Trwa paraliż lotniska Gatwick. Wszystko przez drony
Około godziny 21:00 czasu lokalnego dyrekcja portu poinformowała na Twitterze, że zawiesza wszystkie starty i lądowania samolotów. Maszyny, które miały wylądować na Gatwick, przekierowano na inne lotniska. Powodem były informacje o pojawieniu się nad płytą lotniska dwóch dronów.
Przez kilka godzin służby lotniskowe i policja sprawdzały doniesienia o dronach. Około godz. 3:00 lotnisko Gatwick wznowiło pracę. "Wspólnie z liniami lotniczymi staramy się teraz jak najszybciej powrócić do normalnego rozkładu lotów" - zaznaczyły władze lotniska.
Jednak dzisiaj o godz. 7:40 władze portu poinformowały na Twitterze, że wszystkie loty do i z Gatwick wciąż są wstrzymane. "Prosimy wszystkich podróżnych, aby nie podróżowali na lotnisko bez wcześniejszego skontaktowania się ze swoim przewoźnikiem. Przepraszamy wszystkich za niedogodności, ale bezpieczeństwo naszych pasażerów i pracowników ma najwyższy priorytet" - oświadczyła dyrekcja portu.
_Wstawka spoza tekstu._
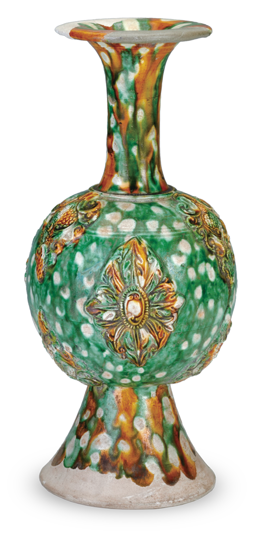 pottery vase adorned with stamped flower patterns in appliqué, Tang Dynasty (618-907) [Photo/Official WeChat account of the Shanxi Museum]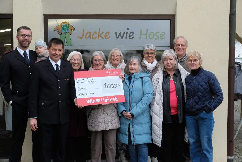 Bad Wurzach – Der Förderverein der Freiwilligen Feuerwehr Bad Wurzach erhielt am gestrigen Donnerstag (21.11.) vom Team des Non-Profit-Second-Hand-Kleiderladens „Jacke wie Hose“ der Diakonie Allgäu-Oberschwaben-Bodensee im Breiteweg einen Scheck in Höhe von 1000 €.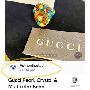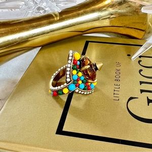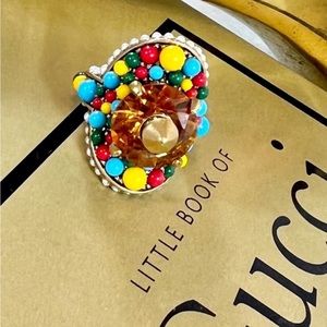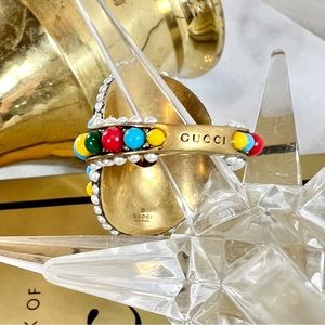 Authentic Gucci Pearl, Crystal & Multicolor Bead Embellished Cocktail Ring….

Lotnisko Gatwick, które obsługuje każdego roku ponad 45 mln pasażerów, jest siódmym co do wielkości portem lotniczym w Unii Europejskiej i drugim - za lotniskiem Heathrow - w Wielkiej Brytanii.
Gatwick pracuje także nocą, choć liczba obsługiwanych lotów jest ograniczona ze względu na przepisy dotyczące hałasu.
W Wielkiej Brytanii loty dronów w odległości mniejszej niż kilometr od lotniska są zakazane. Właścicielowi drona, który stworzy zagrożenie dla samolotu, grozi do pięciu lat więzienia.